Dan McMurtrie: It was very clear what needed to happen, and the street kind of every month had a new narrative for how this Papa John’s turn around was working or not working, and when they first announced it, they needed to come out and they needed three months till they had their franchisee meeting. And so you can’t turn around a franchise based business unless you get the franchisees to buy in.
Dan McMurtrie: And so in the course of the part of the plan where we have to get with our people and get everybody on board, the streets sort of generated, I don’t know how many narratives and so we’re just following the business and so it’s kind of like 80% of our time is following the business, and then we check in on what the street’s doing, and I have no idea what the streets talking about half the time when some of these names, because I’m like, I’ve been talking to people at the company and the industry franchisees and they have no idea what the street is talking about and sometimes the street’s right, but we really like those situations where we think there’s some big dramatic psychological game happening in terms of how people are trading an aim and associate that’s amplified by a lot of positioning and sort of agency risk on money managers parts that’s causing those pricings to be wider. And that’s kind of how we cross kind of the fundamental view with the, when we actually trade.
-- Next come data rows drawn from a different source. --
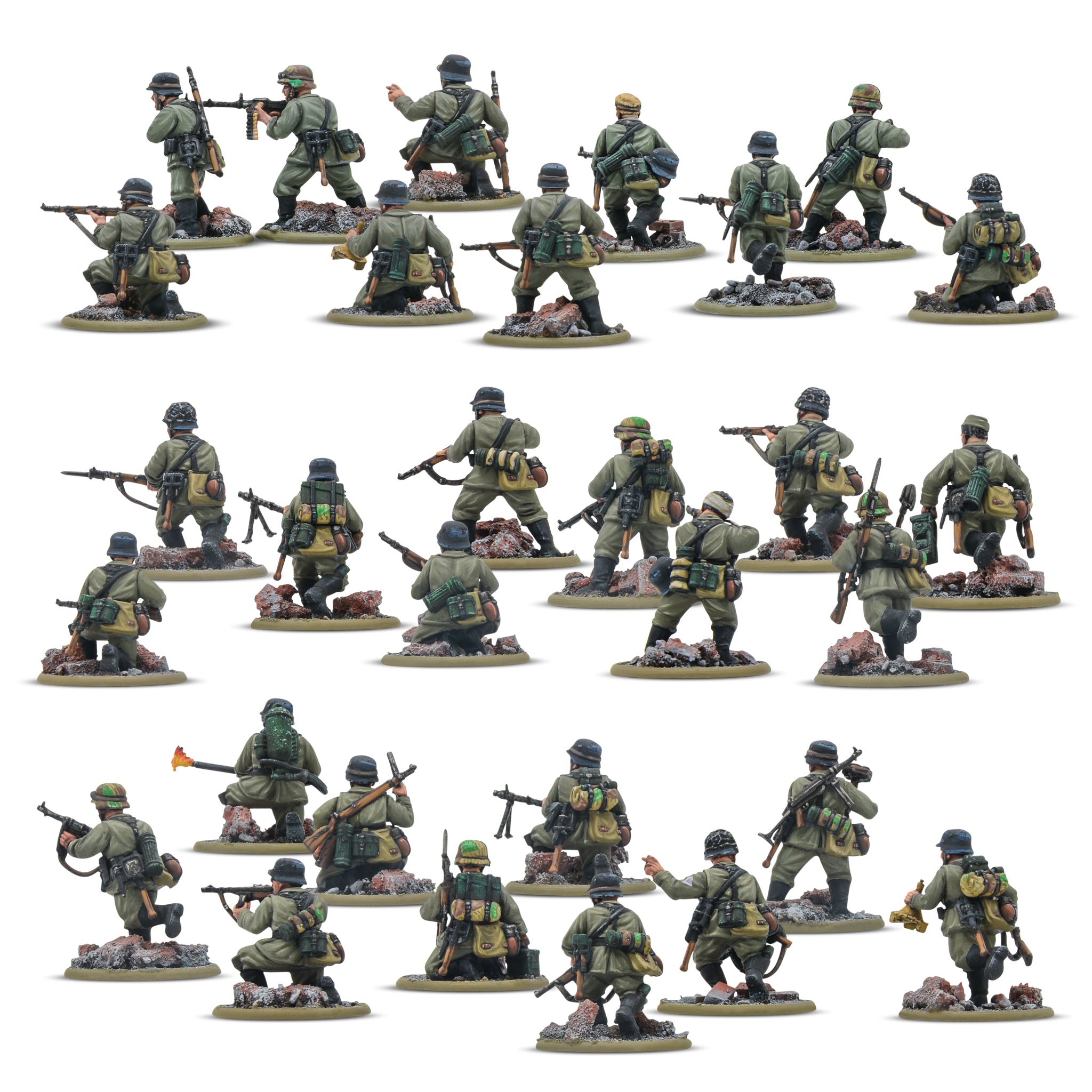 This box contains 30 infantry models with a wide range of weapons and equipment, suitable for building a wide variety of troop types from every period and theatre of World War Two in which the Germans participated. Each frame includes Kar 98 rifles, MP40 and captured Russian submachine guns, a Luger and flare pistol, two MG34 light machine guns with ammunition boxes, a GrB-39 grenade launcher, an anti-tank rifle & a flamethrower! Plenty of headgear options, such as helmeted, bareheaded and field officer's caps, are included, and there are plenty of accessories for specialist troop types and commanders. You also get three 60mm round bases, allowing to assemble medium machine gun and other weapons teams. Also Included are wall sections and bricks, perfect for adding characterful details to miniature bases and creating dioramas.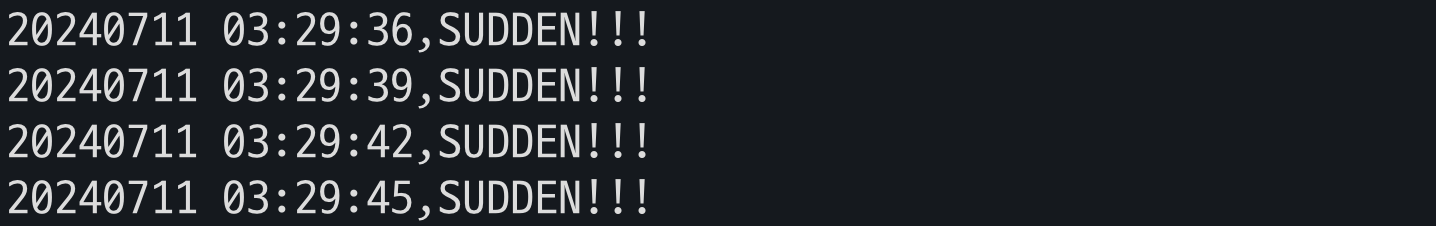 echo "$DATE,SUDDEN!!!"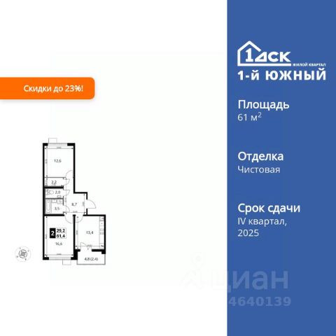 Прямая продажа от застройщика! Жилой Комплекс класса Комфорт Плюс. Продаётся 2-к квартира номер 114 общей площадью 58.3 кв.м. на 6-м этаже 25 этажного здания. Отделка Whitebox. Цена с учётом скидки. Особенности квартиры: - МЦД-5 в пешей доступности - Квартал с южным садом - Свои 3 детских сада и 2 большие школы - Просторная спальня, в которой можно разместить большую кровать. - Линейная планировка - максимальная функциональность и удобство. - Гостевой санузел - комфорт и удобство для ваших гостей. - Раздельный санузел - больше удобства для всех членов семьи. - Просторная кухня - место для семейных ужинов и кулинарных экспериментов. - Просторная мягкая зона - комфорт и уют для отдыха всей семьи. - Возможность добавить спальное место - дополнительный комфорт для гостей. - Гардеробная - удобство для хранения и организации вещей. - Просторная лоджия - идеальное место для уютных вечеров. Квартира с предчистовой отделкой (White box). Вам не придется заниматься черновыми и трудоёмкими работы, а чистовую отделку и дизайн - сделайте на свой вкус. Информация о комплексе: Одно из преимуществ проектов 1- ДСК большие застекленные лоджии. Другое преимущество честный евро-формат. Во всем проекте предусмотрена система Умный дом. В состав устанавливаемого пакета устройств входит: WiFi реле для управления группами потребителей, беспроводной кран перекрытия с эл. приводом, беспроводной сенсор протечки, Яндекс Станция Мини. Его расположение можно назвать удачным за счет транспортной доступности и близости к природным объектам. По соседству лес, а в каждом дворе плодовые деревья. Весной квартал окутывает бело-розовое облако: это цветут яблони, груши, сливы. К августу в воздух наполняется ароматом созревших плодов. Зимой среди покрытых инеем деревьев протянулась лыжня. Транспортная доступность: - Общественный транспорт: Действующая ж/д станция Булатниково (в перспективе будущая МДЦ D5) в пешей доступности, всего 10-12 минут. - Личный автотранспорт: Удобный выезд на трассу М4-Дон в сторону Москвы и области 850 м, до МКАД - 1 км Внутренняя инфраструктура: Красивые продуманные подъезды - еще одно преимущество проекта 1-й Южный. Вход в сквозные подъезды есть и с улицы, и со двора. Благодаря сплошному остеклению в них всегда светло и уютно. Подъезды расположены на уровне земли, поэтому и молодым родителям с коляской, и жильцам с ограниченными возможностями вход и выход неудобств не доставят. В помещении предусмотрено место под стойку ресепшен с выводом инженерных сетей. Если жильцы решат на общем собрании, что необходим охранник или консьерж, организовать для них рабочее место можно быстро и с минимальными затратами. В подъездах предусмотрены уборные для детей и взрослых. Колясочные в каждом подъезде позволяют поддерживать порядок и чистоту на этажах. На случай прогулки с четвероногим питомцем в непогоду в подъездах устроены лапомойки. Во дворах и на общественных территориях 1-ого Южного столько всего интересного для юных обита Продается 2-комнатная квартира первичка в Видном.

Tobias Carlisle: Yeah. I think you pointed out that the last great innovation in pizza might’ve been sticking some garlic salt onto the marinara sauce.
Dan McMurtrie: Yes. So this is a true point, and it’s still online. When Domino’s, right now everybody loves Domino’s, but people forget that for a long time that was not the case and it was not a good performing company. And one of the first things if not the very first thing-
Tobias Carlisle: The box and the pizza tasted roughly the same.
Dan McMurtrie: … Yes. So one of the first things that happened when new management came in is they issued a press release, they did some calls on things and the press release, which is still online on kind of an old version of the Domino’s website, basically says, “Our pizza sucks and we’re going to reinvent our recipe and all of this.” And what they did is the classic trick that every amateur and professional chef know. A lot of people in my family are chefs, my uncle runs restaurants, things like that, and you add garlic salt. So they put garlic salt on the crust and they made a couple slight tweaks and then they started going to college campuses and offering aggressive discounts because they’re like, college students will buy $5 pizzas and they just ran, and I was a beneficiary of those $5 pizzas. As anyone’s with a video feed will see. And then I think six years later Papa John’s just made that exact same press release, which it was so funny to me. I was looking up side by side and they’re even worded very similar. It’s this-
Tobias Carlisle: Well, it worked.
Dan McMurtrie: … We’re slightly change the sauce and we’re going to put garlic salt on it.